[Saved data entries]

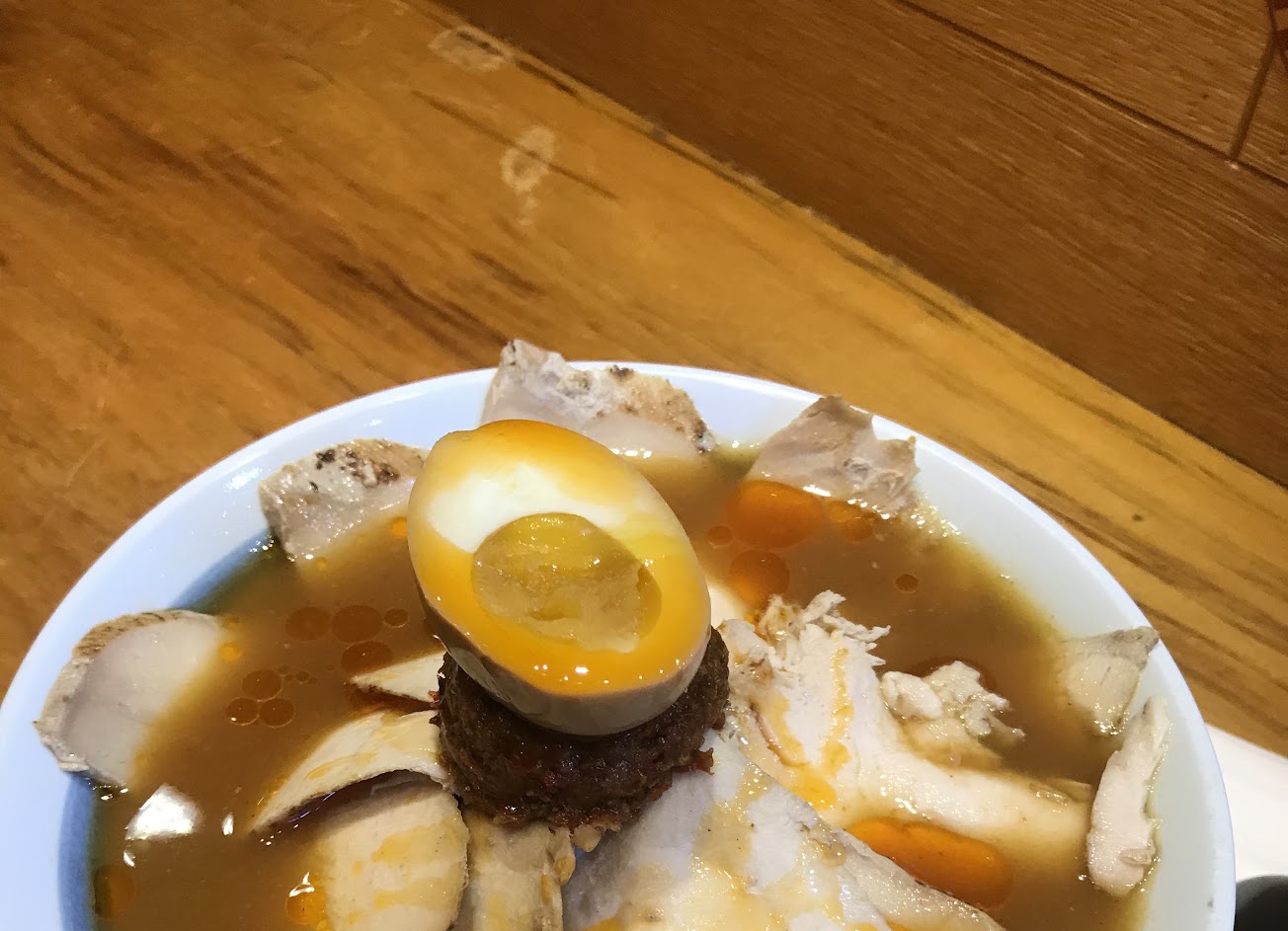 豪華版的湯較鹹且濃稠,細麵偏硬,料不多,叉燒3片(考驗刀工的厚度),玉子燒是冷的偏甜大概4*3大小,唐揚雞小份五顆,大概比雞米花大一點,以上。
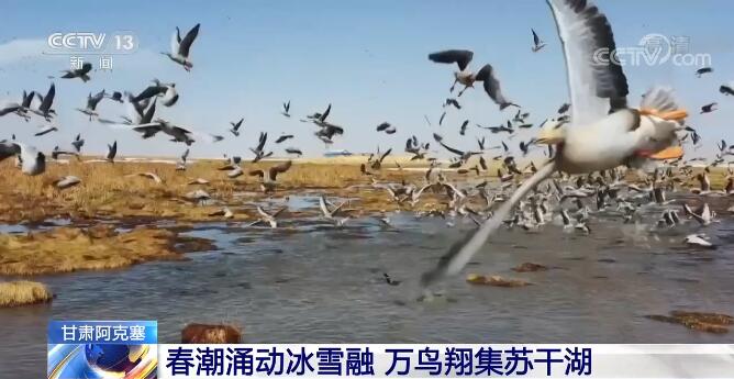 甘肃阿克塞:春潮涌动冰雪融 万鸟翔集苏干湖
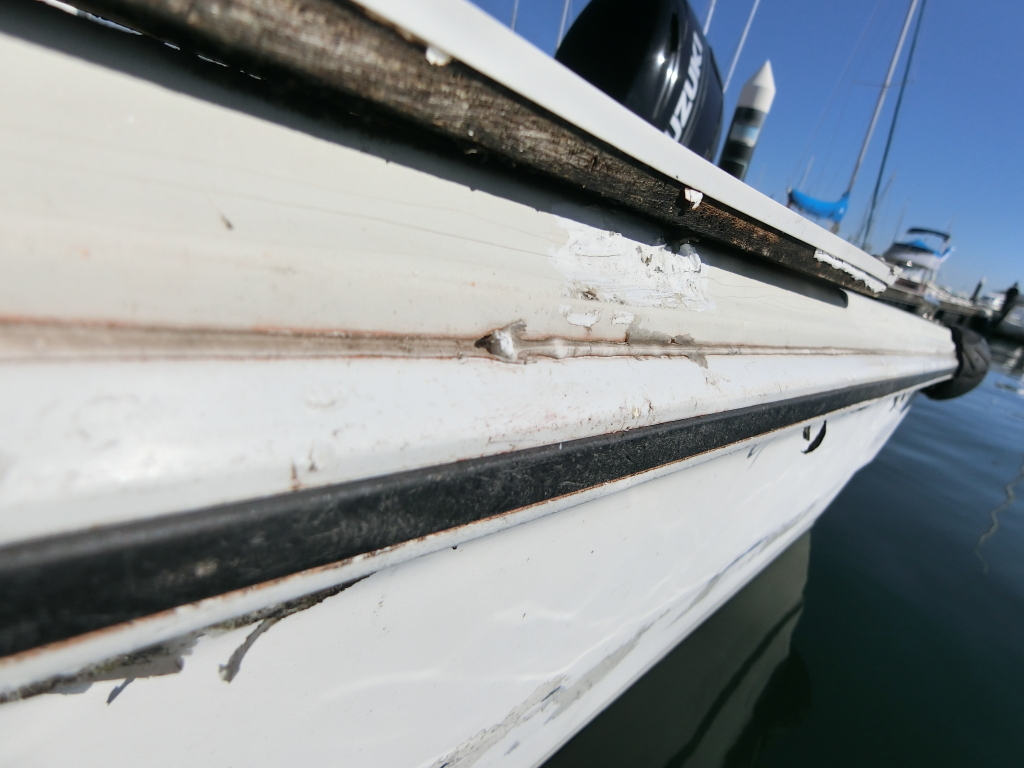 ガンネルとガンネル周りのFRPは、かなりキズが多く、状態は良くありません。
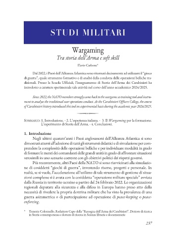 SommARio: 1. introduzione. - 2. L’esperienza italiana. - 3. il Wargaming per la formazione.
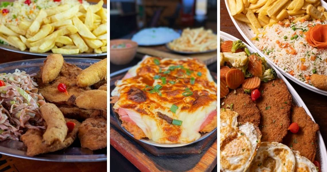 Entre as opções estão os escondidinhos de carne seca e bacalhau, os espetinhos mistos e à cubana, disponível com frango, contrafilé ou mignon, acompanhado de arroz à grega, fritas, presunto, ervilha, cebola na manteiga, banana e abacaxi à milanesa.
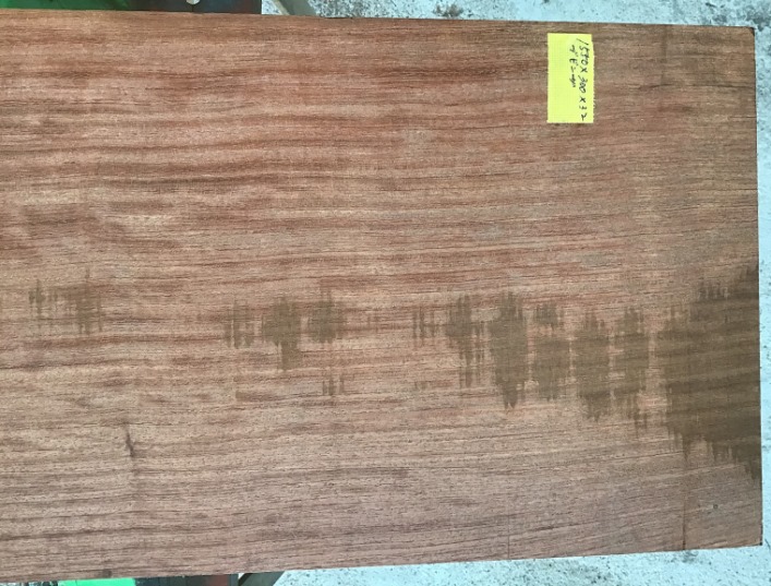 おもて面。目の細かい柾板です。上下真ん中下の点々が腐りです。その少し上に胴折れも見えます。
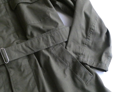 ガブっと大きめのミリタリーベルト付きコートです(恐らくチェコ軍だと思います)コットンポリの比較的しっかりめの生地。膝くらいの丈感で、シングルのトレンチコートようなデザインです。フロントは比翼で内側にジップが付きます。ウエストの絞りが殆どないストンとしたシルエット。ベルト無しでハーフコート感覚でも◎。ドローストリングも腰と裾に付き、ベルトの有無含め気分で色々と変えられそうなのも良いです。袖は少し長めですが、カフス無しなのでロールアップで調節し易いですよ。
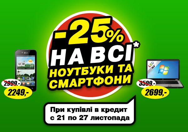 Описание акции: | ![]() Только с 21 по 27 ноября -25% на все* ноутбуки и смартфоны при покупке в кредит! * - в акции НЕ принимают участие специальные предложения **, товары приобретенные в рассрочку и акционный кредит. за исключением: ноутбук HP Pavilion g6-1202sr, смартфон LG P 970 Optimus | ||||||
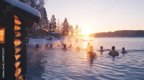Traditional finnish sauna experience by a winter lake sunset for relaxation and rejuvenation
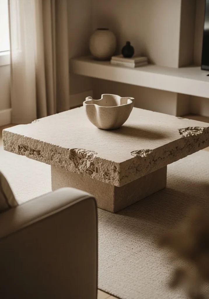 I admire how this table brings a bit of an ancient, museum-like vibe right into a cozy living room. If you’re a fan of the “minimalist but warm” look that is all over Pinterest right now, this is basically the gold standard. There is something so satisfying about the heavy, permanent feel of the stone paired with such a simple shape. It is the perfect spot to display a single artisanal bowl and a stack of linen-covered books for that effortless, curated aesthetic we all crave.
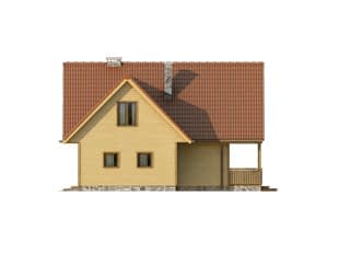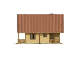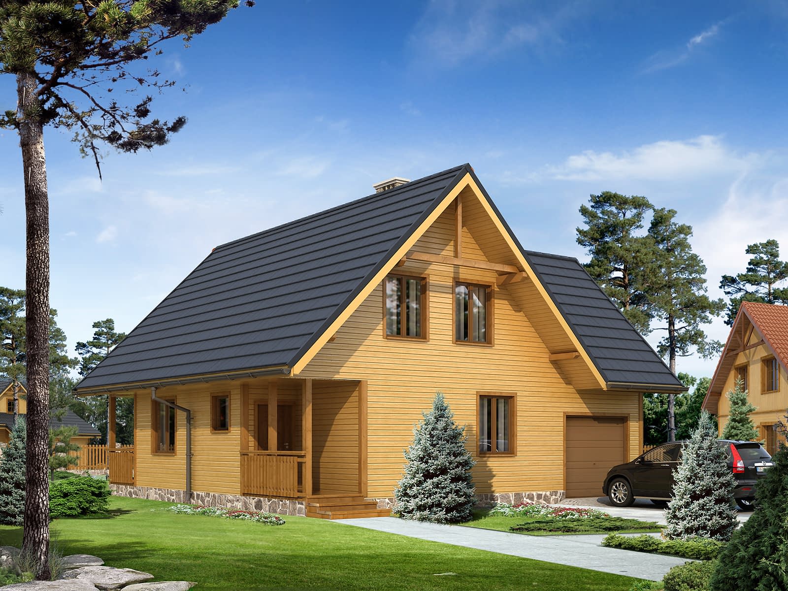 Drewniany dom z użytkowym poddaszem i garażem. Na parterze zlokalizowano przestronny pokój dzienny z wyjściem na zadaszony taras. Na piętrze zlokalizowano trzy sypialnie i łazienkę.Konstrukcja
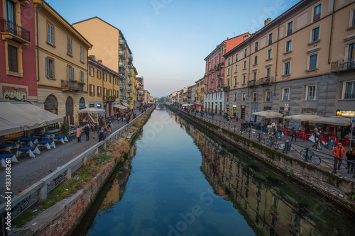 Fototapeta premium Mediolan, Włochy, 11 listopada 2017 r. - Kanał Naviglio Grande w Mediolanie,...
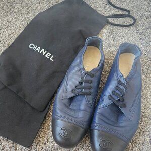 Vintage Chanel Navy flats. Women's size 5.5 wide. Super comfortable and perfect for work or every day wear.
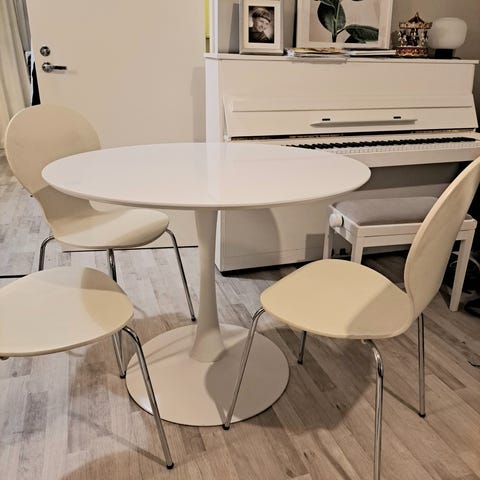 Pyöreä musta pöytä, joka ostettu Maskusta pari vuotta sitten. Pöydän halkaisija on 100 cm ja siinä on trumpettijalka. Pöytä on hyvässä kunnossa.
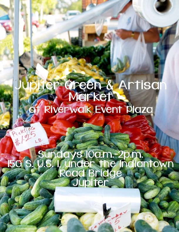 The Jupiter Green & Artisan Market at Riverwalk Event Plaza is a year-round market and is located along the Intracoastal Waterway in Jupiter.  It is situated on the water where one can enjoy the shade under the Indiantown Road Bridge and enjoy the views of passing boats. This is a green and artisan market and a public event with vendors displaying a wide assortment of produce, specialty foods, baked goods, crafts, art and entertainment. This is accomplished by providing fresh, locally-grown produce to the community and encouraging the promotion of the agricultural industry.  It also provides an informal, social gathering place in an open-air setting which promotes a sense of community and stimulates interaction among neighbors in the Northern Palm Beach…
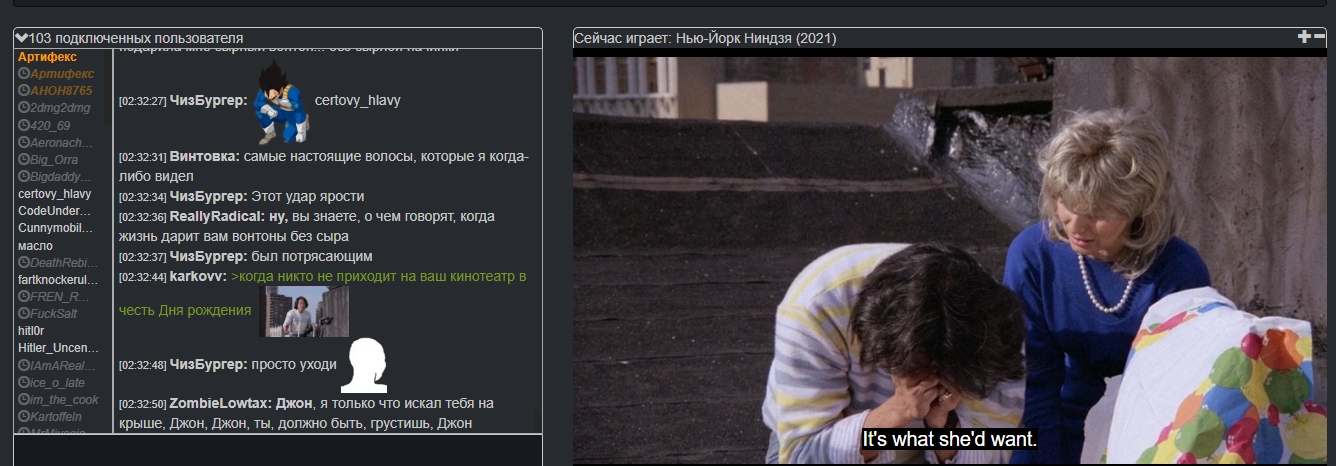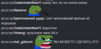 [06:47:00] Кенток: Держу пари, начнется драка [06:47:06] FREN_RWDS: Я думаю, что встреча SneedTV сработала бы, если бы мы арендовали кинотеатр Artifex: DreadRaziel все встают и кричат КИНО во время хороших сцен /kinokino [06:47:13] FREN_RWDS: и у нас было несколько показов одновременно
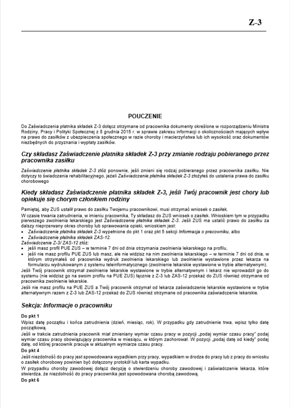 Rys. Zaświadczenie ZUS Z-3, pouczenie str.1
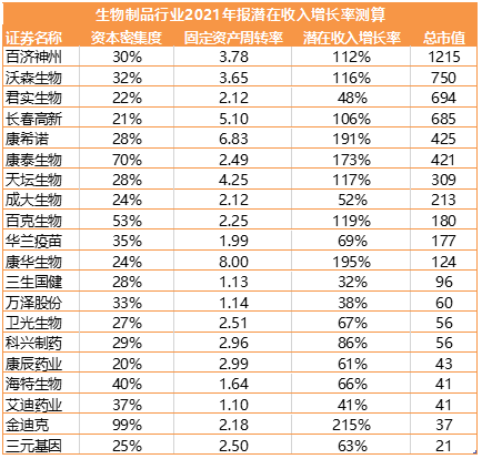 作为医药生物行业的成长赛道,几家大市值的生物制品公司整体的资本开支强度还是很高,比如百济神州、沃森生物、君实生物、长春高新、康希诺、康泰生物等。
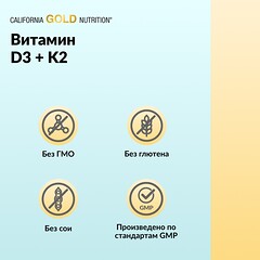 Содержит смесь витаминов D3 и K2Поддержка костей и сердечно-сосудистой системы*Синергетическая формула*Не содержит глютена, ГМО и сои
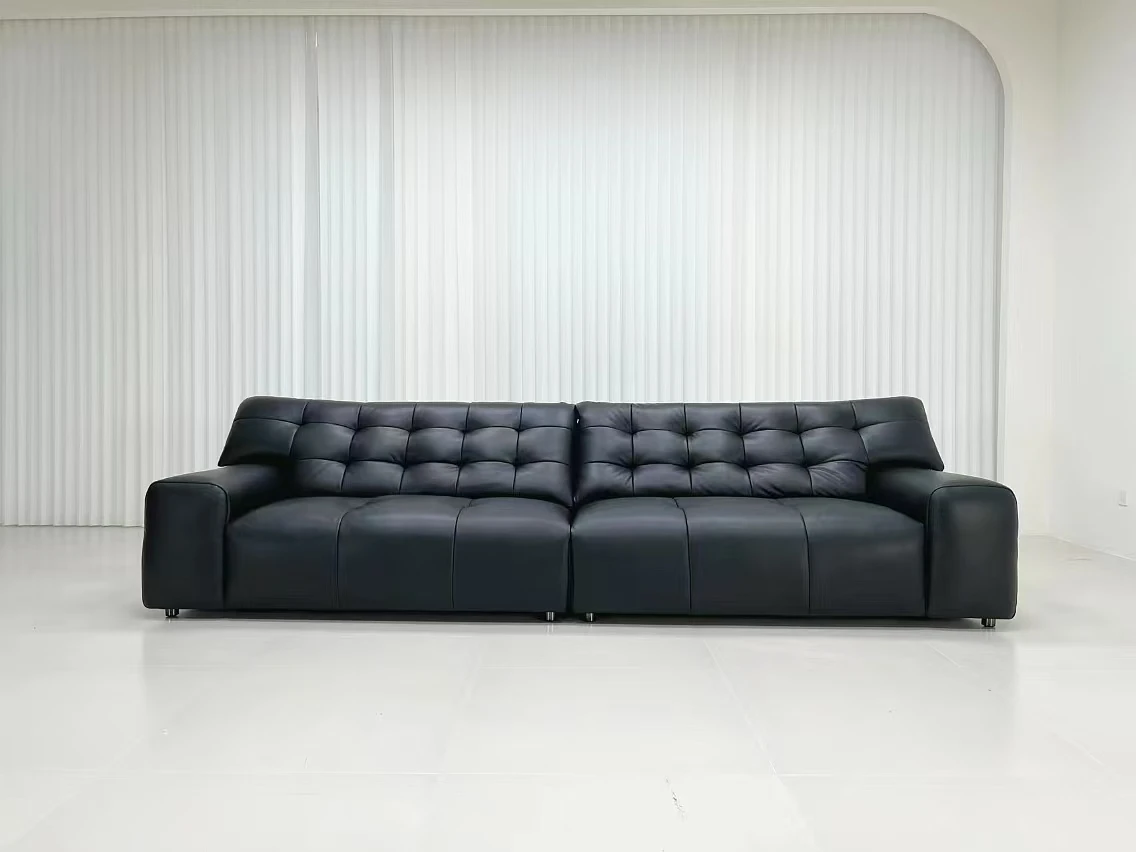 【大人気の高品質】本革製ブラックベアソファ - シンプルで洗練されたデザイン、贅沢な座り心地を実現!

# TASK DIRECTIONS
When you reach the line that has "Fototapeta premium Mediolan, Włochy, 11" in the data above, start repeating lines exactly, and stop after the line that has "Pyöreä musta pöytä, joka"; pictures stay out.

# OUTPUT OF THE EXERCISE
 Fototapeta premium Mediolan, Włochy, 11 listopada 2017 r. - Kanał Naviglio Grande w Mediolanie,...
 Vintage Chanel Navy flats. Women's size 5.5 wide. Super comfortable and perfect for work or every day wear.
 Pyöreä musta pöytä, joka ostettu Maskusta pari vuotta sitten. Pöydän halkaisija on 100 cm ja siinä on trumpettijalka. Pöytä on hyvässä kunnossa.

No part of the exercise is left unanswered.